(TASK DESCRIPTION):
Where an image appears in the data, omit it and reproduce the rest exactly.

━━ RECORDED INFORMATION

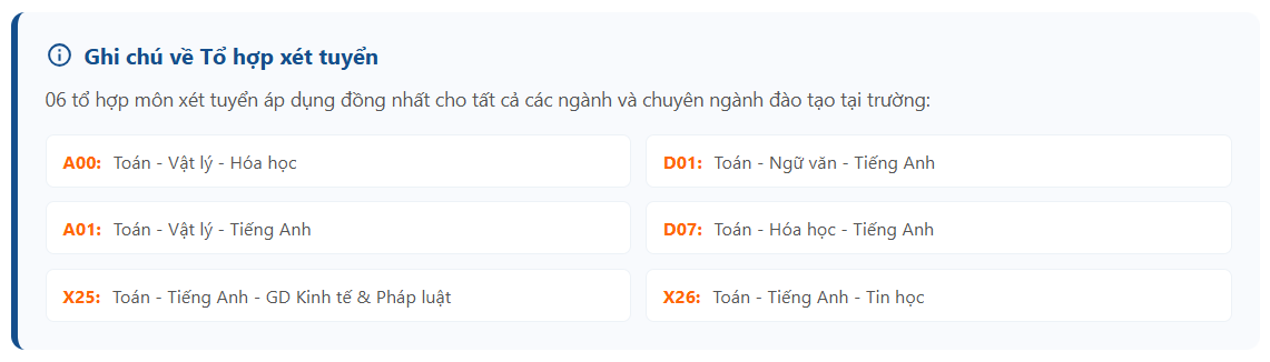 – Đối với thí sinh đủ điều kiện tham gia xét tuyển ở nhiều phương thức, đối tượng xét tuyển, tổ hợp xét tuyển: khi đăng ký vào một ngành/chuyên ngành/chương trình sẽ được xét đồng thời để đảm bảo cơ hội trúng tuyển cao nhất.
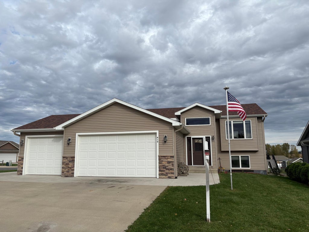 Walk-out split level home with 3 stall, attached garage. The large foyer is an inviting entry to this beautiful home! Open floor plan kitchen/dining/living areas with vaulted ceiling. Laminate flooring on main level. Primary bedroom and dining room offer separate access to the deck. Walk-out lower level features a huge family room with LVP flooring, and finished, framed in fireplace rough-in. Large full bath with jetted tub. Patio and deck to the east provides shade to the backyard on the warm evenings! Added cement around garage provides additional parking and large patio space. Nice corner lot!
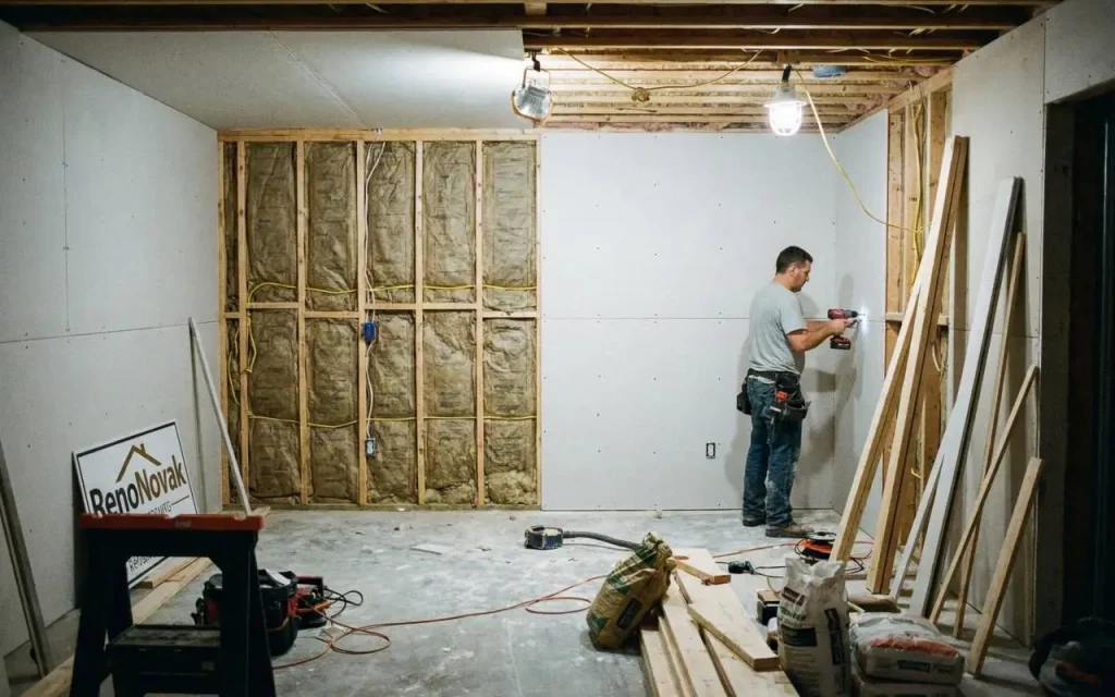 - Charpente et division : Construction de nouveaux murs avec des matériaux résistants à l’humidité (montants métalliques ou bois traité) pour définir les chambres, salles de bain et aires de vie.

━━━━

(WRITTEN ANSWER):
 – Đối với thí sinh đủ điều kiện tham gia xét tuyển ở nhiều phương thức, đối tượng xét tuyển, tổ hợp xét tuyển: khi đăng ký vào một ngành/chuyên ngành/chương trình sẽ được xét đồng thời để đảm bảo cơ hội trúng tuyển cao nhất.
 Walk-out split level home with 3 stall, attached garage. The large foyer is an inviting entry to this beautiful home! Open floor plan kitchen/dining/living areas with vaulted ceiling. Laminate flooring on main level. Primary bedroom and dining room offer separate access to the deck. Walk-out lower level features a huge family room with LVP flooring, and finished, framed in fireplace rough-in. Large full bath with jetted tub. Patio and deck to the east provides shade to the backyard on the warm evenings! Added cement around garage provides additional parking and large patio space. Nice corner lot!
 - Charpente et division : Construction de nouveaux murs avec des matériaux résistants à l’humidité (montants métalliques ou bois traité) pour définir les chambres, salles de bain et aires de vie.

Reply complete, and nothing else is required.